[Opening DATA SHOWN section]

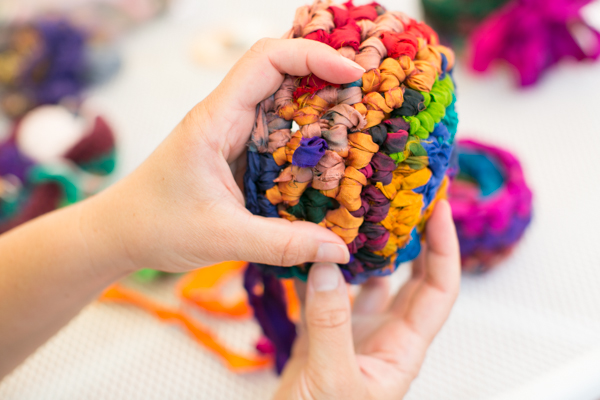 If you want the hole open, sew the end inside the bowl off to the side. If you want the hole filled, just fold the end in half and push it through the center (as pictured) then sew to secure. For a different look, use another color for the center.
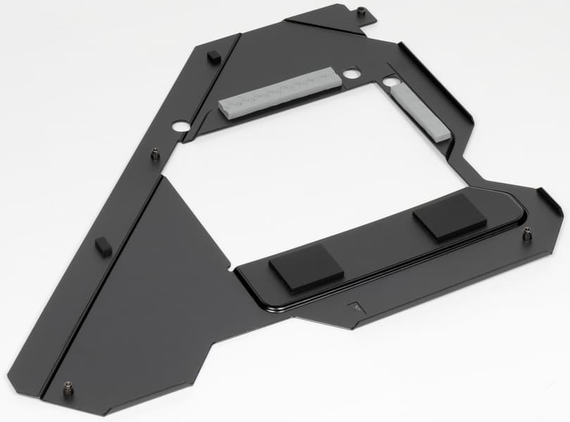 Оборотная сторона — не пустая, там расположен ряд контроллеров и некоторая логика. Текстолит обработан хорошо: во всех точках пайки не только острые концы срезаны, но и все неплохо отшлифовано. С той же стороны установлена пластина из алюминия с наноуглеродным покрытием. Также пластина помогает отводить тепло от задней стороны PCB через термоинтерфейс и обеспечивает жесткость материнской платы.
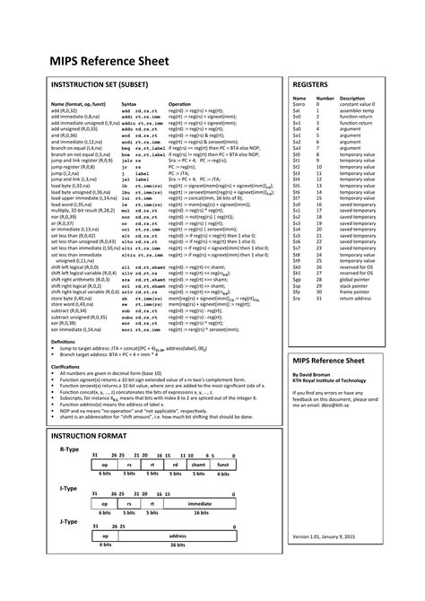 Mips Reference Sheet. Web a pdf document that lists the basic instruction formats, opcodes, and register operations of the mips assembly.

[Closing DATA SHOWN section]

EXERCISE DETAILS
Once the pictures are removed, copy the material above exactly.

RESPONSE
 If you want the hole open, sew the end inside the bowl off to the side. If you want the hole filled, just fold the end in half and push it through the center (as pictured) then sew to secure. For a different look, use another color for the center.
 Оборотная сторона — не пустая, там расположен ряд контроллеров и некоторая логика. Текстолит обработан хорошо: во всех точках пайки не только острые концы срезаны, но и все неплохо отшлифовано. С той же стороны установлена пластина из алюминия с наноуглеродным покрытием. Также пластина помогает отводить тепло от задней стороны PCB через термоинтерфейс и обеспечивает жесткость материнской платы.
 Mips Reference Sheet. Web a pdf document that lists the basic instruction formats, opcodes, and register operations of the mips assembly.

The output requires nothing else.